The local CellSurvey database can be accessed in several ways, depending on the user’s needs. The database is easy to browse manually using an interface such as MySQL Workbench using mouse clicks or by entering SQL commands. SQL–based queries also can be sent via database utilities such as the MySqL Python Connector or the MATLAB Database Toolbox. Figure 4 presents two examples of SQL commands that access the CellSurvey database. Finally, in Section 3.3 we describe a simple MATLAB class ABIFeatExtrData that pulls CellSurvey data out into MATLAB structs without the need for SQL.

Fig. 4. CellSurvey Database Queries.

Fig. 4

The local MySQL CellSurvey Database holds features extracted from NWB files downloaded from the Allen Brain Institute Database website. We can use standard SQL queries like these to access the database. The INNER JOINs connect tables in the database, allowing disparate parts of the stored data to be accessed in a single query. The table design is straightforward and is easily seen in the code or by browsing the database with MySQL Workbench. Automating the SQL query employment using custom Python or MATLAB functions is straightforward and easily extended; we have provided a MATLAB wrapper class which is described in Section 3.3

3.3 A MATLAB class for access to the CellSurvey database

The class ABIFeatExtrData allows native MATLAB access to the local CellSurvey database instead of requiring MySQL queries such as those shown in the previous section. ABIFeatExtrData methods permit extraction of features based on specimen and experiment number, returning data in the MATLAB data structures called “structs”.

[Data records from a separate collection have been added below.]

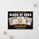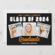 This trendy black and orange custom senior senior portrait photo collage graduate announcement card features white varsity letters for the Class of 2025 under your college or high school name. Customize with your favourite 3 graduation photographs and personalize the back with commencement details.
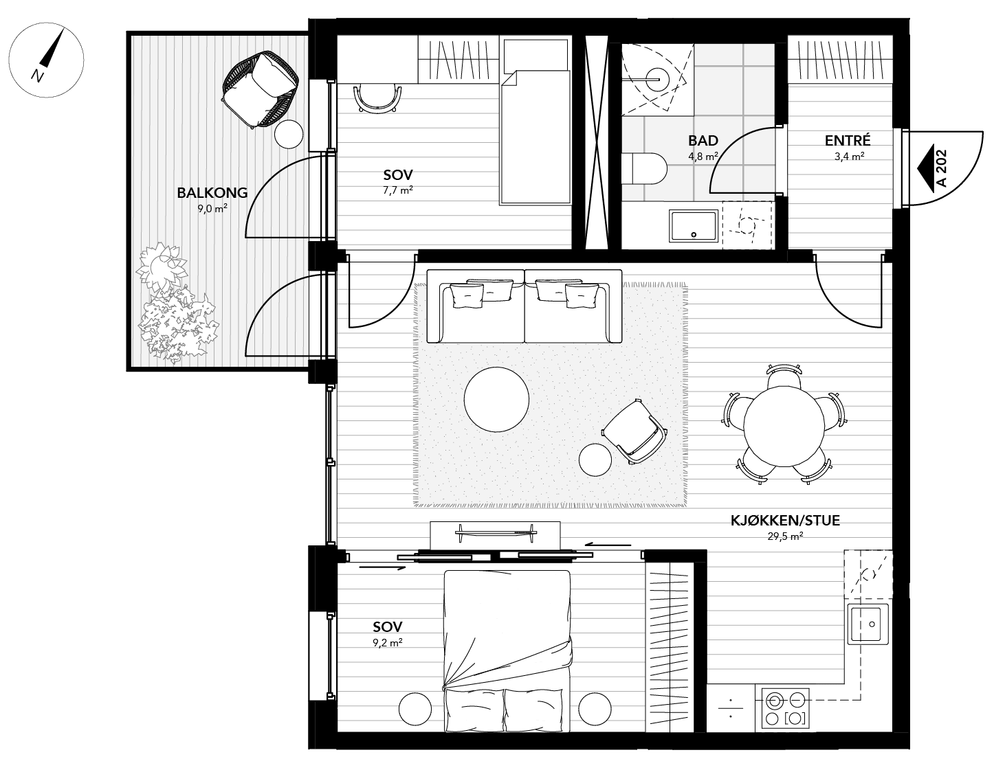 Meget fin 3-roms leilighet med sørvest solrik markterrasse. Leiligheten inneholder entre med god plass til garderobe, pent flislagt bad, 2 soverom samt en åpen stue/kjøkken løsning hvor kjøkkenet ligger skjermet til.
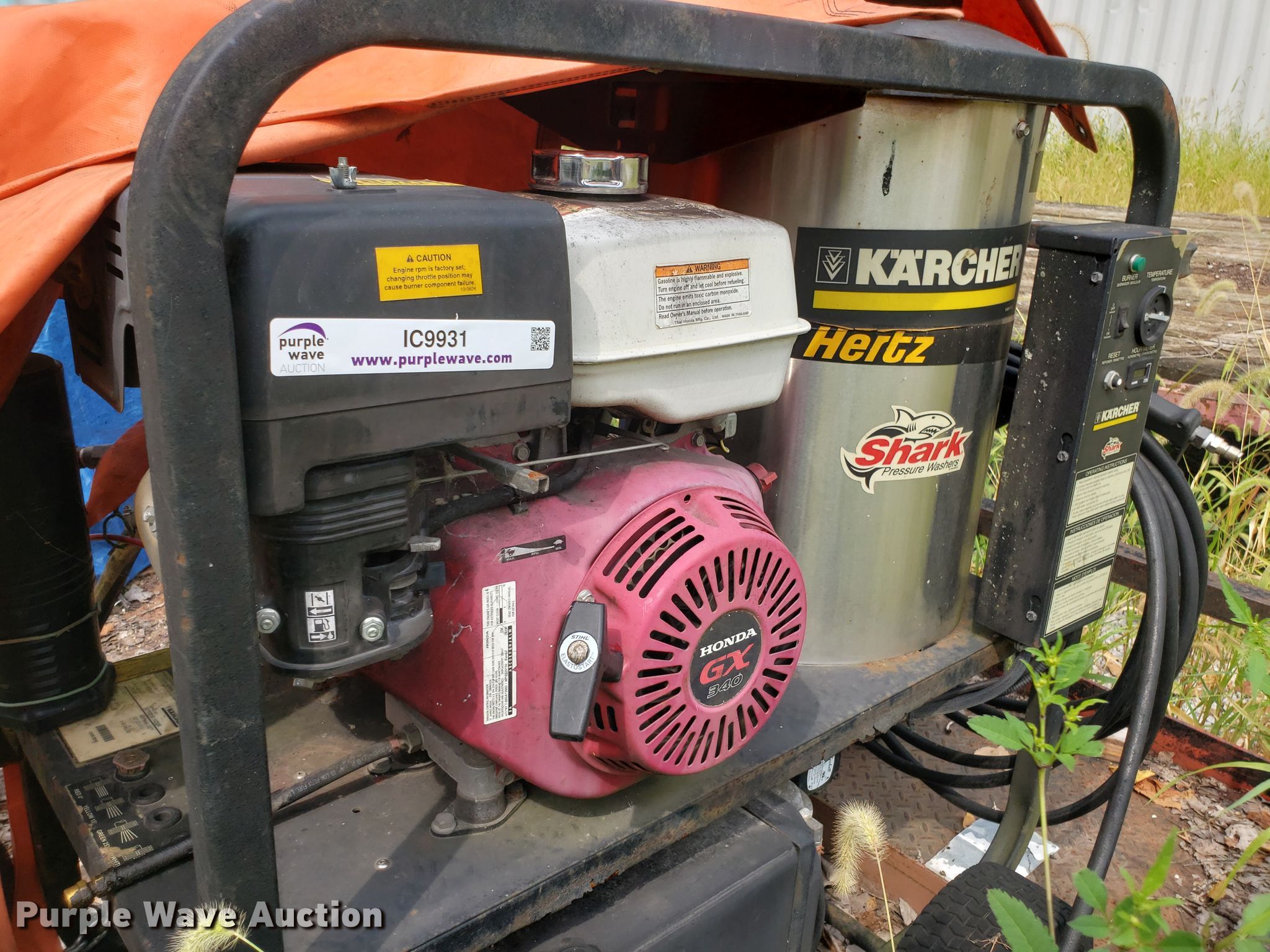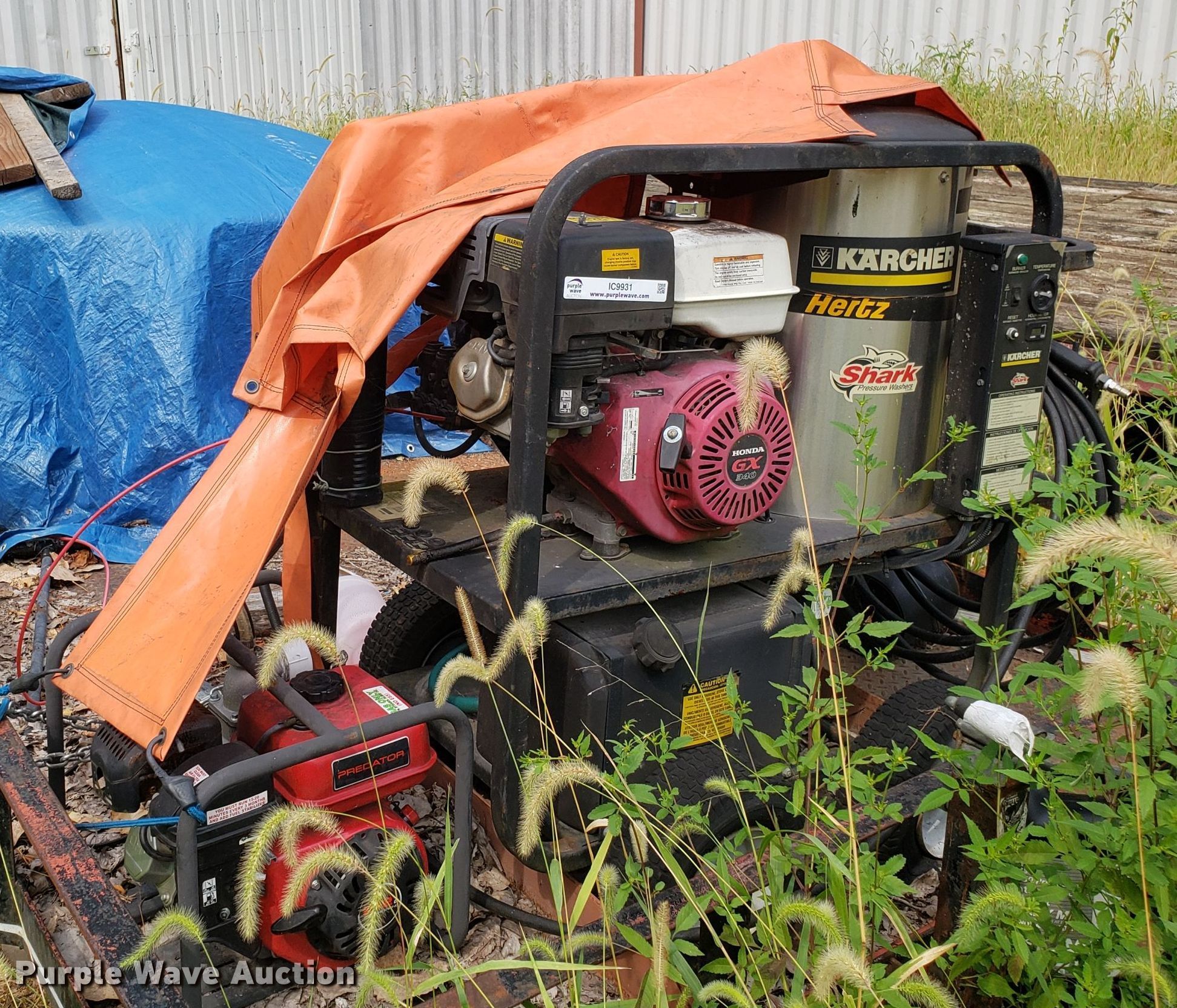 Purple Wave is selling a used Tools in Missouri. This item is a Karcher steam cleaner with the following: 522 hours on meter, Honda GX340 gas engine, 3,000 psi, 350 gallon poly tank, Water pump, Predator gas engine, Trailer not included
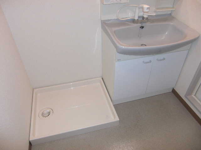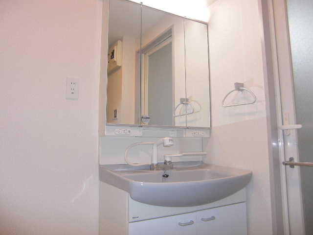 鏡の大きな独立洗面台や、室内洗濯機置き場があり、

For example, the MATLAB snippet seen in Figure 5 uses ABIFeatExtrData to gather data from the Cell-Survey database about Specimen 484635029/Experiment 65, then inserts them plus other data into the investigation database represented by object invDB. The investigation database will be presented in the next section.

Fig. 5.

Fig. 5

MATLAB access of CellSurvey database. The MATLAB class ABIFeatExtrData provides access to the local CellSurvey database of features extracted from the public online ABI Cell Types database

There are always tradeoffs in wrapping a sophisticated technology such as MySQL for a specific, simpler use. The wrapping action can simplify the user’s code and improve speed of adoption. However, it is impossible to foresee the user’s needs and the wrapping can induce strong false limitations in the user’s mind. Accordingly we have kept this class simple — it provides initial easy access, yet provides illustrative examples for the user to add new access methods. Both databases described in this paper use a small, easily learned subset of MySQL, and in our view it is more useful to the researcher to gain some facility with SQL queries than to try to wrap every possible neuroscience–related query and by so doing, induce an even greater learning task.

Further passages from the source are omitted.